230 R.I. Code R. 230-RICR-20-30-15.6

Current through December 3, 2024
Section 230-RICR-20-30-15.6 - Filing of Health Insurance Plan Rates - Annual, All Market Filing in the Individual, Small Group, and Large Group Markets
A. The requirements of § 15.6 of this Part shall apply to comprehensive hospital and medical health insurance plan rate filings in the individual, small group, and large group markets, in addition to the requirements of § 15.5 of this Part.
B. On the date prescribed by the Commissioner, after at least 30 days' notice to affected health insurance issuers, each health insurance issuer doing business in this state with at least one percent of the covered lives in the insured market during the prior calendar year shall file its proposed rates for health insurance plans offered, issued or renewed during the succeeding calendar year for the individual, small group, and large group markets, including rates for individual and SHOP qualified health plans offered or proposed to be offered on the Exchange.

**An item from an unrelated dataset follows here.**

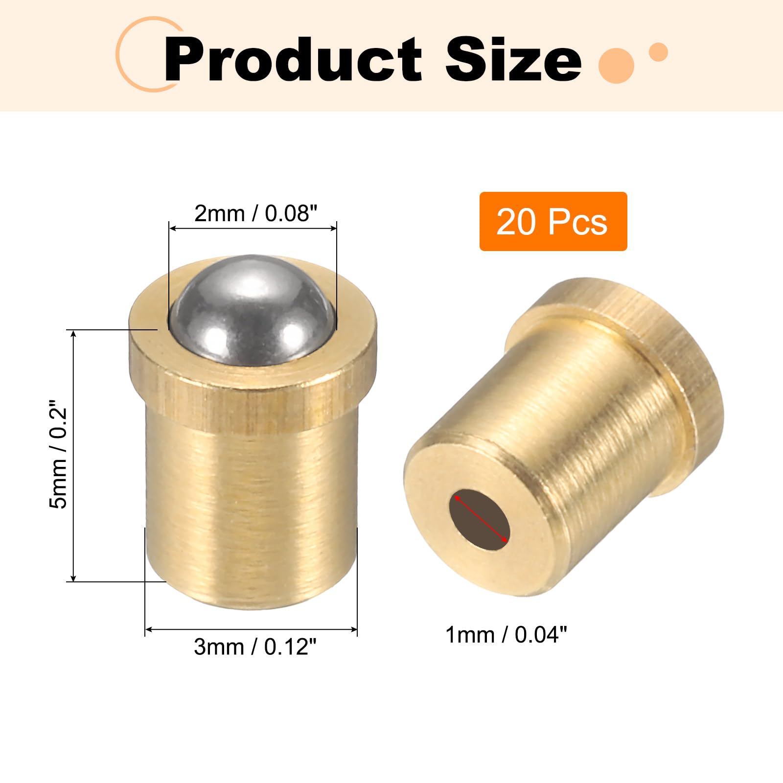 [仕様]サイズ:2×3×5mm(ボール直径×シリンダー直径×シリンダー長さ)。口径: 1mm。エンドフォース: 5N。ボール素材:304ステンレス鋼;シリンダー素材:真鍮。パッケージ内容:20個 × ボールプランジャー。タイプ:押し込む。

C. In addition to the filing instructions authorized by the Commissioner under § 15.5(E) of this Part, the Commissioner's instructions for the annual, all market rate filing may require:
1. A rate factor template completed on the form prescribed by the Commissioner;
2. Evidence of compliance with the affordability standards adopted by the Commissioner, in a manner prescribed by the Commissioner; and
3. Such other instructions as the Commissioner determines are necessary or desirable to review the rate filing in accordance with statutory and regulatory standards.
D. The annual, all market rate filing provided for in § 15.6 of this Part shall not be considered complete until the health insurance issuer has responded to all additional requests by the Office for clarification of the filing, and the Office has notified the issuer that the filing is complete.